## Excerpted data

++++++

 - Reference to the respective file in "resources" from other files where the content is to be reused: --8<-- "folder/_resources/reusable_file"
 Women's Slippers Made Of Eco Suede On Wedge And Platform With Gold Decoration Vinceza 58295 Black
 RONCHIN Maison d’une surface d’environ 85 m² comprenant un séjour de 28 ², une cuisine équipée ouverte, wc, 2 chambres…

++++++

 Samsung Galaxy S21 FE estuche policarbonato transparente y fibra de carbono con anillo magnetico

++++++

Starting at the line above that contains "Women's Slippers Made", write out each line exactly until the line that contains "RONCHIN Maison d’une" has been written, and stop there.

 Women's Slippers Made Of Eco Suede On Wedge And Platform With Gold Decoration Vinceza 58295 Black
 RONCHIN Maison d’une surface d’environ 85 m² comprenant un séjour de 28 ², une cuisine équipée ouverte, wc, 2 chambres…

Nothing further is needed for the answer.